Exposure to direct UV sunlight during sunbathing in summer, increases the risk of skin cancer later in life, is a known fact. But to fight back, scientists can also turn to light, designing optical devices that may detect cancerous skin lesions early on, leading to better treatment outcomes and ultimately saving lives.
Researchers from the University of Texas at Austin's Cockrell School of Engineering have now developed a probe that combines into one device three unique ways of using light to measure the properties of skin tissue and detect cancer. The researchers have begun testing their 3-in-1 device in pilot clinical trials and are partnering with funding agencies and start-up companies to help bring the device to dermatologists' offices.
The researchers describe the skin cancer probe in a new paper published in the journal Review of Scientific Instruments
, from AIP Publishing.
Skin cancers of all types are the most common forms of cancer in North America, and melanoma, the most deadly form of skin cancer, is one of the leading causes of cancer death, killing nearly 10,000 people every year in the United States.

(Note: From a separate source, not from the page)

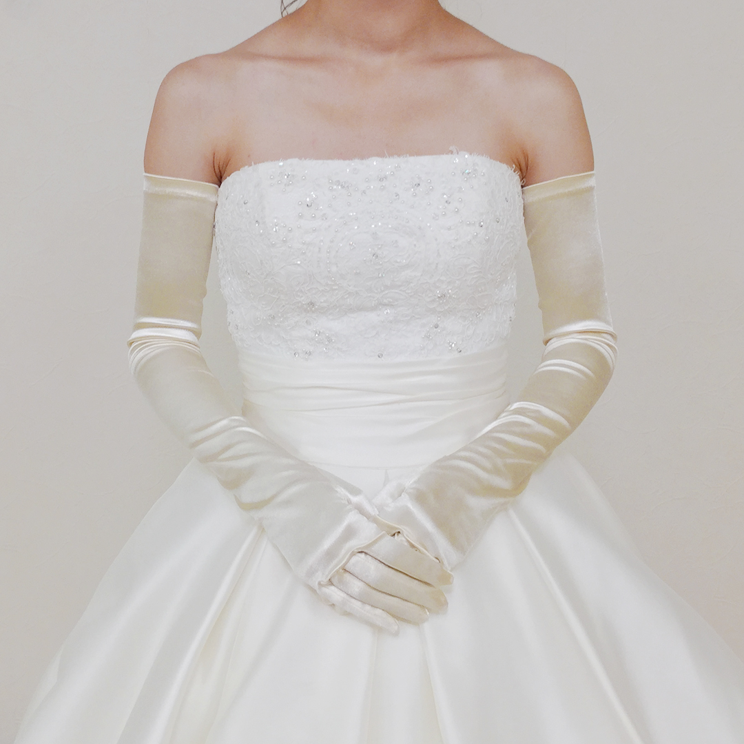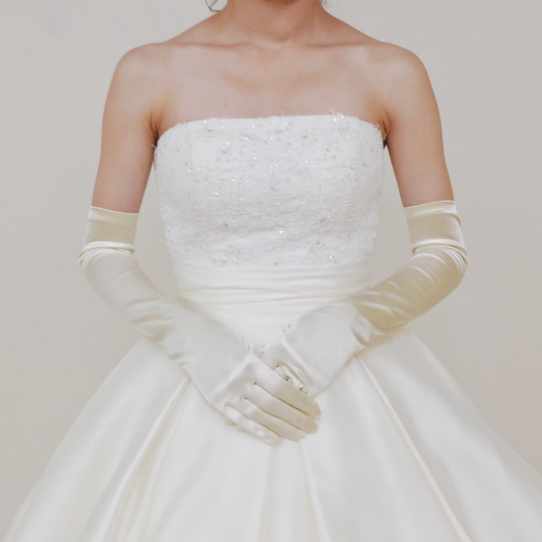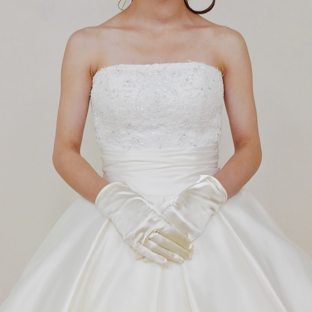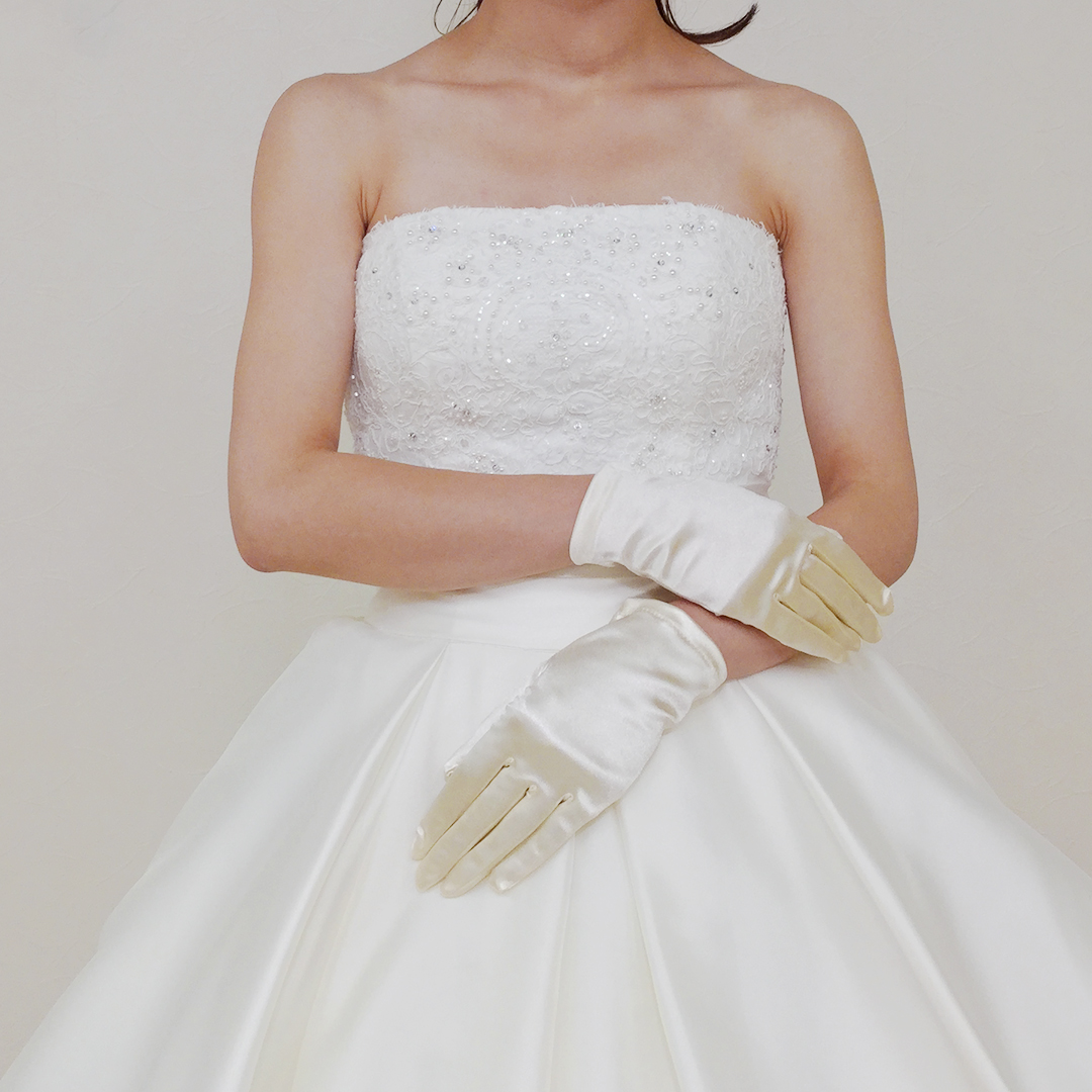 ウエディングドレス用のグローブです。サテン素材のグローブでサイズは4種類。シンプルなデザインは挙式会場やバンケットを選ばずにお使いいただけます。

Currently, the only definitive way to diagnose skin cancer is to perform a biopsy, in which doctors remove a suspect skin lesion and then examine the stained tissue under a microscope to look for cancerous cells. Determining which lesions to biopsy is an imprecise art, however, and for every case of skin cancer detected there are roughly 25 negative biopsies performed, translating to a cost of $6 billion to the U.S. health care system, according to estimations performed by the researchers.
James Tunnell, an associate professor in the biomedical engineering department at UT, believes the new probe developed by his team could eventually help reduce the high number and cost of negative biopsies by giving a clear picture of which skin lesions are most likely cancerous. He and his colleagues combined three common spectroscopic techniques - Raman spectroscopy, diffuse reflectance spectroscopy, and laser-induced fluorescence spectroscopy - into one probe to create a more complete picture of a skin lesion. By revealing information invisible to the human eye, the probe could offer a better screening tool for cancer and eliminate many negative biopsies.
As normal skin becomes cancerous, cell nuclei enlarge, the top layers of skin can thicken and the skin cells can increase their consumption of oxygen and become disorganized, Tunnell said. The changes alter the way light interacts with the tissue.
To detect all these changes requires multiple spectroscopic techniques. For example, diffuse optical spectroscopy is sensitive to absorption by proteins such as hemoglobin while Raman spectroscopy is sensitive to vibrational modes of chemical bonds, such as those found in connective tissues, lipids, and cell nuclei, Tunnell noted.
Previous research efforts have tried combining spectroscopic techniques to aid in skin cancer detection, but the University of Texas team is the first to combine three techniques in a single probe that would be inexpensive enough to be used widely in clinics and doctors' offices. The probe itself is about the size of a pen and the spectroscopic and computer equipment that supports it fits neatly onto a portable utility cart that can be wheeled between rooms. Each reading takes about 4.5 seconds to perform. The 3-in-1 nature of the probe saves time and money while still giving a comprehensive examination of the skin properties.